Set down every line from the one with "雖然經濟學中,貨幣政策扮演一" to the end of the entries, both ends included, exactly as it reads and without pictures.

------ Records provided

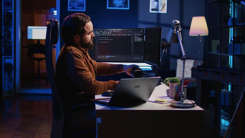 Overworked developer complaining while typing difficult code in home office, developing software application. IT expert groaning while solving coding project tasks, suffering from burnout, camera B Pro Video
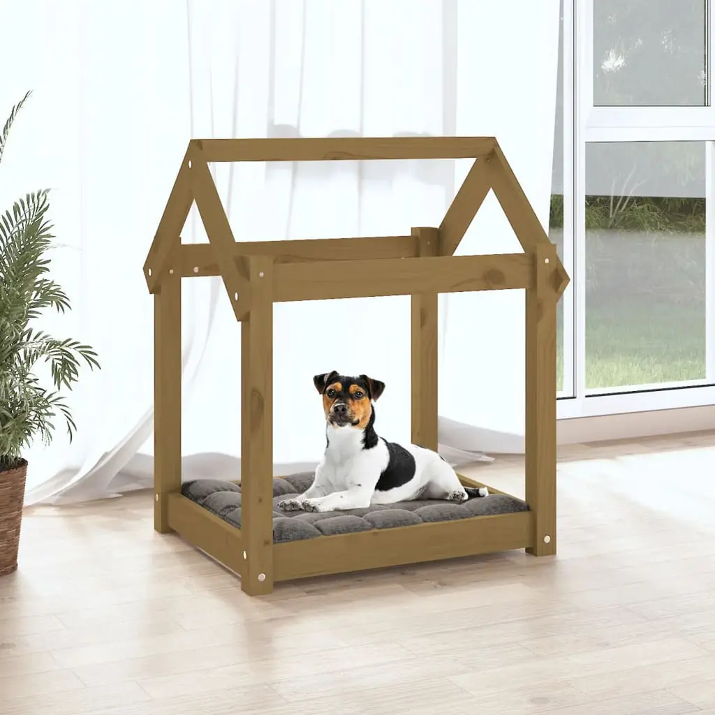 This minimalist dog bed blends style and comfort perfectly, making it a restful haven in your living room. Its honey brown solid pine wood not only looks great but also ensures it lasts, ideal for small and medium breeds. Whether your dog is napping or lounging, this bed provides a cozy and supportive space. Versatile Design: The simple design fits in with any home decor, adding style while prioritizing your pet's comfort.Comfortable Size: At 24.0 x 19.7 x 27.6 in, this bed has plenty of room for dogs to stretch out and relax.Stable and Supportive: The solid pine wood frame is sturdy and made to handle daily use, giving your pet a safe spot to rest.Scratch-Resistant Finish: The tough surface protects against wear and tear, keeping the bed looking fresh, perfect for lively pets indoors.Easy to Clean: Keep it spotless with minimal fuss – just wipe it down with a dry cloth.
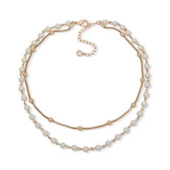 Embrace elegance with the dainty multi-row design of this gold-tone Anne Klein necklace that's accented with pretty imitation pearls.
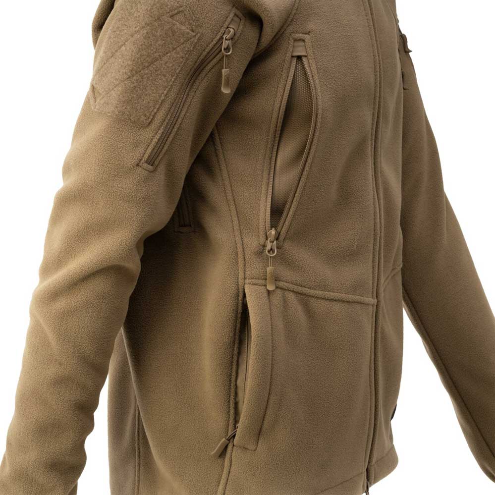 Das Hybrid-Fleece-Material besteht aus zwei verschiedenen Schichten. Äußerlich ähnelt es einem klassischen Fleece, innen ist es ein Gitterfleece, bekannt vom Alpha Hoodie und anderen Tactical Jackets dieses Herstellers. Es ist ein Material mit einer charakteristischen feinen Karostruktur aus dickeren, erhabenen quadratischen Stücken und dünneren Zwischenräumen. Dadurch ist die Patriot Mk2 leichter und atmungsaktiver aber hält Sie trotzdem genauso warm wie beim Vorgänger. Die Belüftungsöffnung mit dem Reißverschluss unter den Armen helfen bei der Wärmeregulierung.
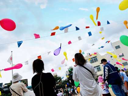創立70周年記念運動会のエンディングは、会場にいる人全員でジェット風船を飛ばしました。コロナ禍でジェット風船をどのように膨らませるのか、事業委員の皆様と相談し、コンプレッサーで膨らませることにしました。
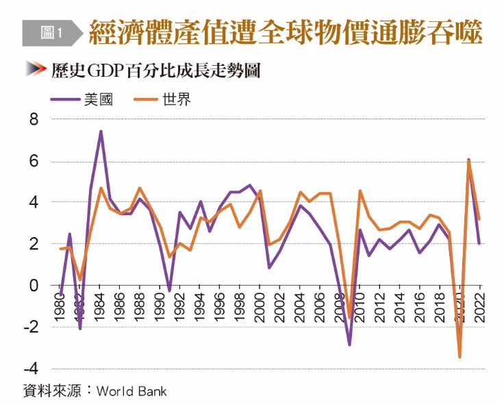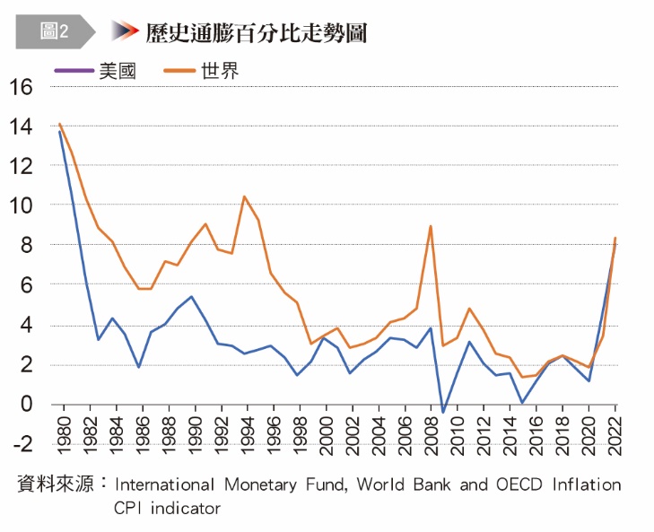雖然經濟學中,貨幣政策扮演一定管理通膨與經濟成長的角色,但筆者綜觀過去40年GDP成長[圖1]與通膨趨勢[圖2],除了美國的平均經濟成長(2.57%)較貼近平均通膨(3.32%),全球平均通膨(5.59%)還是遠高於平均經濟成長(2.95%),也顯示大部分經濟體的產值早被全球物價通膨所吞噬。當然,美國早年相對低通膨除了歸功於聯準會主席葛林斯潘任內(1987年至2006年)的漸進式利率政策,毫無疑問,在全球化自由貿易下的高競爭式生產與服務,也為美國經濟帶來一番消費榮景。所以,如何在貨幣、財政乃至國際貿易等政策找出合適搭配調節,方可平衡經濟成長與通膨之挑戰。
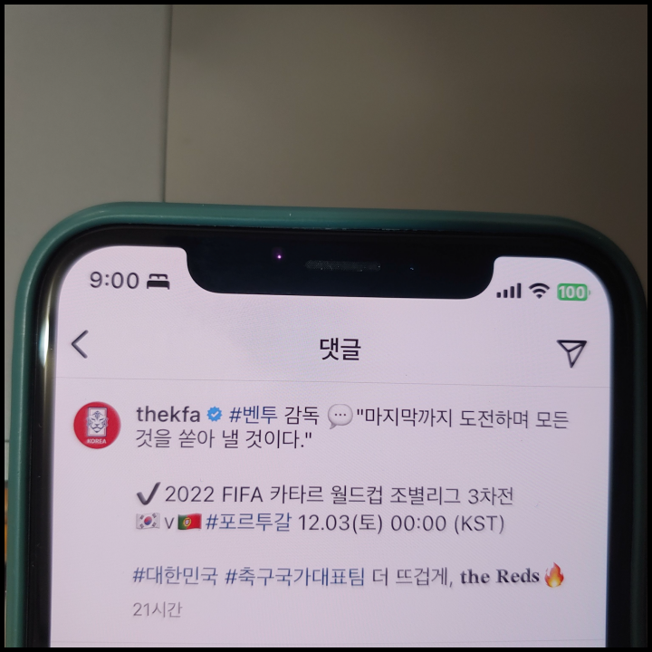 [사진 = 대한축구협회(KFA) 공식 인스타그램에서는 포르투갈전 알리는 게시물을 올렸다. 벤투 감독은 이번 경기에서 모든 것을 쏟아 낼 것이라고 밝혔다. (C) 대한축구협회 인스타그램]
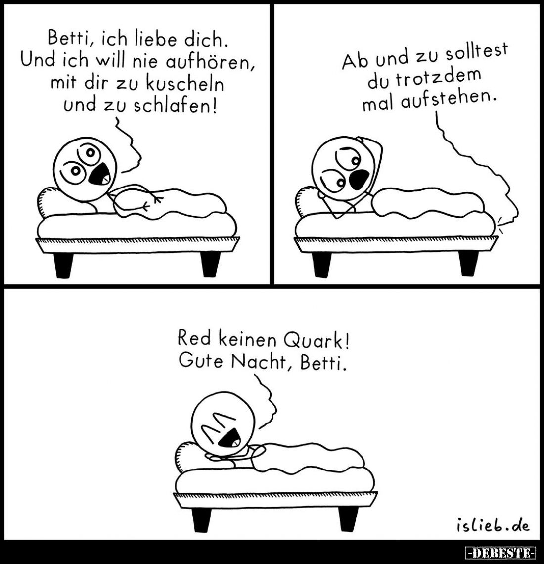 Betti, ich liebe dich. Und ich will nie aufhören, mit dir zu kuscheln und zu schlafen! - Ab und zu solltest du trotzdem mal aufstehen. - Red keinen Quark! Gute Nacht, Betti. Kommentar (0) | tags: #ich liebe dich #liebe #liebe dich #kuscheln #schlafen #aufstehen #quark #gute nacht #nacht

------------

▸ Reply:
雖然經濟學中,貨幣政策扮演一定管理通膨與經濟成長的角色,但筆者綜觀過去40年GDP成長[圖1]與通膨趨勢[圖2],除了美國的平均經濟成長(2.57%)較貼近平均通膨(3.32%),全球平均通膨(5.59%)還是遠高於平均經濟成長(2.95%),也顯示大部分經濟體的產值早被全球物價通膨所吞噬。當然,美國早年相對低通膨除了歸功於聯準會主席葛林斯潘任內(1987年至2006年)的漸進式利率政策,毫無疑問,在全球化自由貿易下的高競爭式生產與服務,也為美國經濟帶來一番消費榮景。所以,如何在貨幣、財政乃至國際貿易等政策找出合適搭配調節,方可平衡經濟成長與通膨之挑戰。
 [사진 = 대한축구협회(KFA) 공식 인스타그램에서는 포르투갈전 알리는 게시물을 올렸다. 벤투 감독은 이번 경기에서 모든 것을 쏟아 낼 것이라고 밝혔다. (C) 대한축구협회 인스타그램]
 Betti, ich liebe dich. Und ich will nie aufhören, mit dir zu kuscheln und zu schlafen! - Ab und zu solltest du trotzdem mal aufstehen. - Red keinen Quark! Gute Nacht, Betti. Kommentar (0) | tags: #ich liebe dich #liebe #liebe dich #kuscheln #schlafen #aufstehen #quark #gute nacht #nacht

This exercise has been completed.